Hdac4 Interactions in the Striatum Are Enriched in Vesicle Trafficking and Synaptic Functions

Given our finding that Hdac4 associates with vesicle transport and neuronal function proteins and that these interactions change with age and Q length, we next wanted to validate these associations and further investigate them in a brain region that is specifically affected by HD. Therefore, we performed a new series of IP-MS experiments in the HD-vulnerable brain region of striatum (50, 51), and first confirmed that the optimized IP conditions still work effectively in the striatum (supplemental Fig. S5). We then performed three biological replicate IPs of endogenous Hdac4 and Hdac5, in parallel to IgG control IPs in dissected striatum, analyzed these by mass spectrometry, and generated specificity-filtered functional interaction networks. A SAINT score of ≥0.95 was used for all Hdac4 IPs (supplemental Table S5). For visualization purposes, some interactions are depicted in supplemental Fig. S6. Similar to the whole brain IPs, we further overlaid information about known Htt-interacting proteins onto our interaction networks, highlighting in red text the proteins also found in the HINT database.

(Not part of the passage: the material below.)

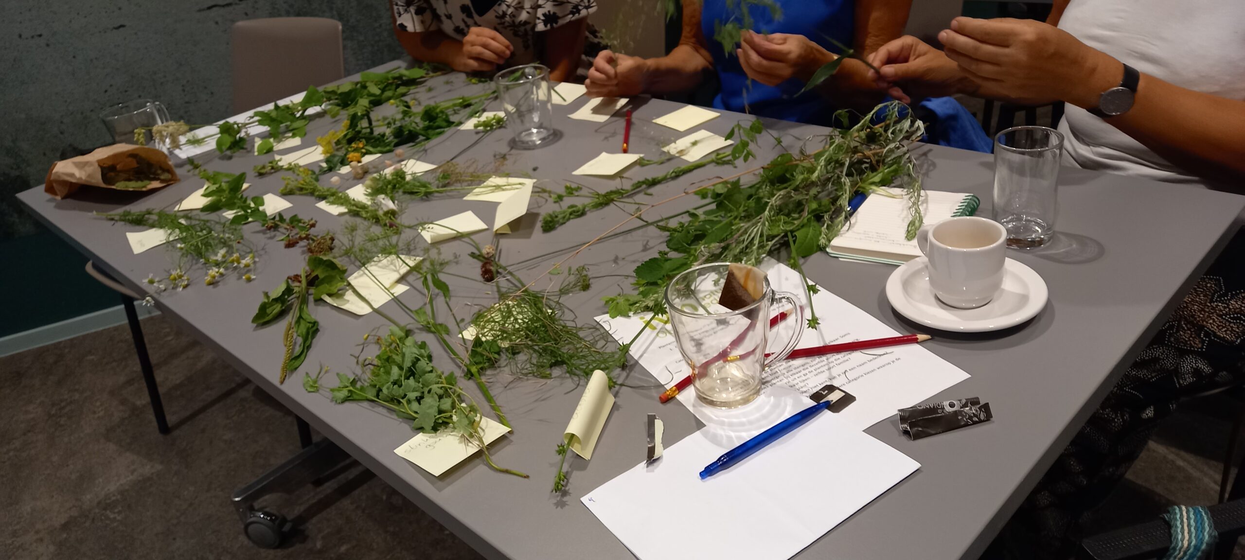 Deze avond stond in het teken van wilde planten in onze regio. Annet van der Veen (coördinator van de Heemtuin Veermans Hof in Wijhe) en Lilian Bults (natuurgids en een van de organisatoren van de activiteitenwerkgroep), hadden allerlei planten op de tafels neergelegd. Per groepje konden we de planten bekijken op kleur, geur, vorm en de naam van de plant aangeven. Er ontstond grote hilariteit als je de naam van de plant niet wist en zelf een naam kon bedenken.

The striatum-specific Hdac4 interaction network has many broad similarities in protein classes and functions as those found in the whole brain interactome. However, unlike in the whole brain IPs, in the striatum we observed a stronger impact of Htt Q length on the Hdac4 interactome. In a PCA analysis of the specificity-filtered interactions, we noticed that the different Q length samples tended to cluster together (Fig 4A), and that age did not have a large impact on this behavior. This can also be seen in the overall distribution of the relative abundances of Hdac4 interactions in the striatum (Fig 4B), which differs from that in the whole brain (Fig 3A).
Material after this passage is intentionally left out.